• _Provided entries_
# # #

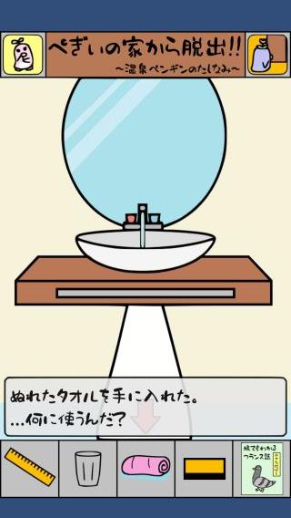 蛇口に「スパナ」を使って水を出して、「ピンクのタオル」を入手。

# # #

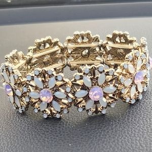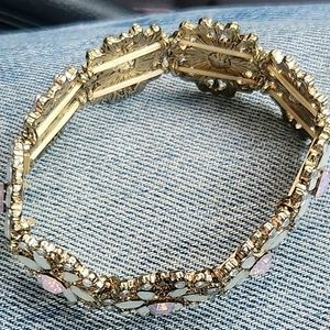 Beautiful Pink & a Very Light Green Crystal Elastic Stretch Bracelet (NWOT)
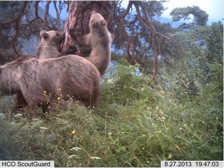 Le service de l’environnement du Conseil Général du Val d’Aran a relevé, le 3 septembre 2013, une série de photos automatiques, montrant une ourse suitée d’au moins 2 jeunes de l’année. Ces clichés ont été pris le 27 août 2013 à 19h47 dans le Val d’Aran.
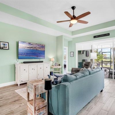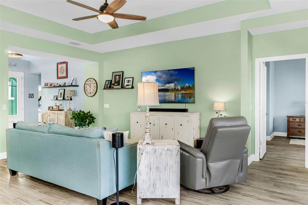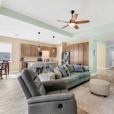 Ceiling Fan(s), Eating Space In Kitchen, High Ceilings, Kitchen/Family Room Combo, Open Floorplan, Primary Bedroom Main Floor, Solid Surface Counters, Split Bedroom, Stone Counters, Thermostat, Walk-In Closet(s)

# # #

• _Required action_
Within the data above, repeat exactly the lines from the one bearing "Le service de" through the one bearing "Ceiling Fan(s), Eating". Include no pictures and nothing else.

• _Output of the task_
 Le service de l’environnement du Conseil Général du Val d’Aran a relevé, le 3 septembre 2013, une série de photos automatiques, montrant une ourse suitée d’au moins 2 jeunes de l’année. Ces clichés ont été pris le 27 août 2013 à 19h47 dans le Val d’Aran.
 Ceiling Fan(s), Eating Space In Kitchen, High Ceilings, Kitchen/Family Room Combo, Open Floorplan, Primary Bedroom Main Floor, Solid Surface Counters, Split Bedroom, Stone Counters, Thermostat, Walk-In Closet(s)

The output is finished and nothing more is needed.